Believe it or not, though, I'm very conscious of my appearance, not to mention the other ways I present myself.
I remember when I was a kid, going to a school full of people that had more money (a lot more money) than me. Appearance mattered. I never had the trendy hair cut, I never had Polo shirts, I never had designer jeans. I wore the same couple of pairs of shoes to everything. When I was old enough to shop for myself, I put a lot of time and work into choosing clothes that I thought looked fashionable. I had the baggy pants, pink shirts, skinny ties, the whole thing.
And it made no difference at all. My school mates weren't having any of that. "Those aren't real Polo are they?"
Somewhere around 15, I started hanging out more with people from working-class families. Girls dressed punk or hippie, guys with long hair that idolized Ozzy and the Crue. These friends were perfectly content to sit around, noodling on the guitar, wearing ripped up jeans and t-shirts.

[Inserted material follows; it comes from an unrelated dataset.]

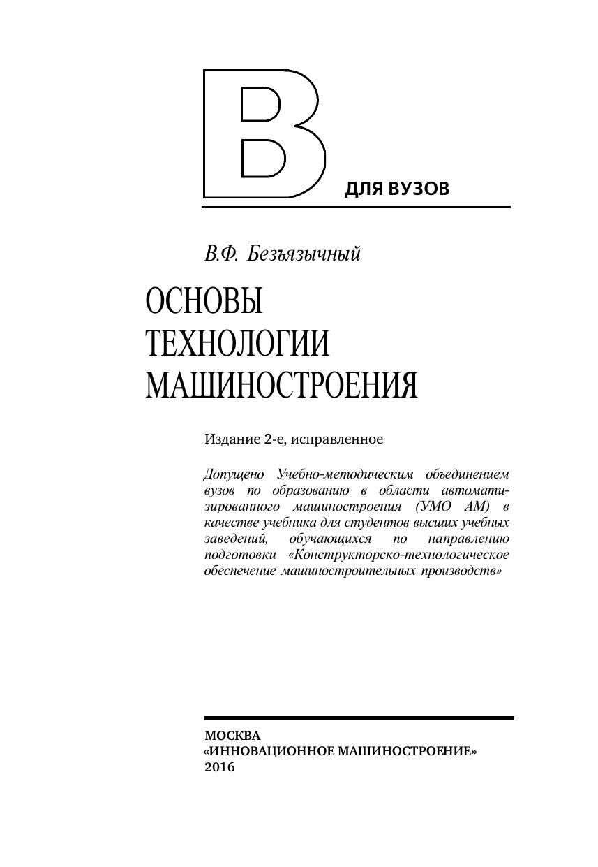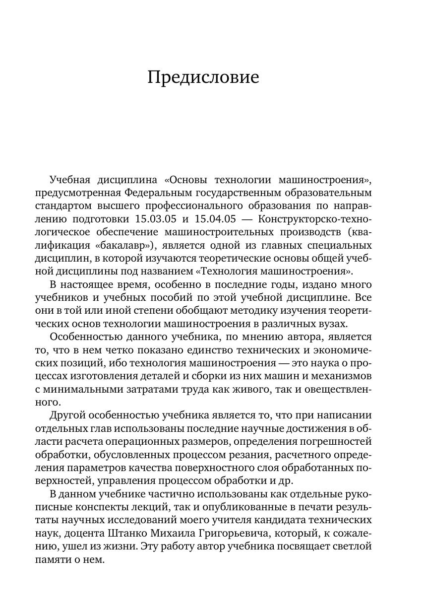 Изложены основы технологии машиностроения в соответствии с программой учебного курса. Даны основные понятия и положения, основы базирования, основы проектирования технологических процессов, общие принципы обработки деталей, причины возникновения погрешностей при механической обработке. Приведены расчет режимов резания, методика выбора способа обработки деталей, основы технического нормирования, пути повышения производительности станочных операций. Показана последовательность проектирования технологических процессов сборки. Для студентов вузов, обучающихся по направлению подготовки бакалавров и магистров «Конструкторско-технологическое обеспечение машиностроительных производств» и «Проектирование технологических комплексов машиностроительных производств».

I had one friend in particular, a girl from near Midland, MI (she'll know I mean her if she reads this), who gave out the best compliment: "That's you." When you said, did, or wore something that was just naturally in keeping with your character, instead of playing to the crowds, she'd tell you it was cool - "That's you."
My jeans got worn and ripped, I drew and wrote on them, I traded in my skinny ties and pink shirts for surf and concert shirts, my hair got long. The more I enjoyed "being me," the more conscious I became of, well, trying to be me. Sometimes I was trying way too hard.
Someone asked me once about my painted toes: "What do the guys on the hockey team think of that? They don't give you a hard time?" I shook my head. "No, they don't say much about it. They've all seen me fight."
My personal style slowly became personal statement. What I should have said was, "I pride myself on being so tough that I can do a couple of 'feminine' things and no one dares to give me shit for it."
Besides my toes, my long hair, my sandles, I've employed various types of music (rap and metal around up-tight people, classical and jazz around the rock and roll crowd), art, stories about hockey fights or sketchy friends. I once asked a ranting anti-semite how he knew I wasn't a Jew, just to see if he had the nerve to risk a fight. He didn't. A week later, when he was ranting about the "camel jockeys," I told him about my real life Assyrian grandpa. Eventually, he admitted that he just liked to run his mouth, but that he didn't really mean anything by it. Confrontation can be beautiful thing.
Some days I worry, though: am I being me, or am I playing a series of characters? After trying too hard to fit in, and failing at it, am I trying to hard to fit out? Is who I am so situational that it changes depending on who I'm trying to cajole or intimidate? If my friend saw me today, would she still say "That's you?"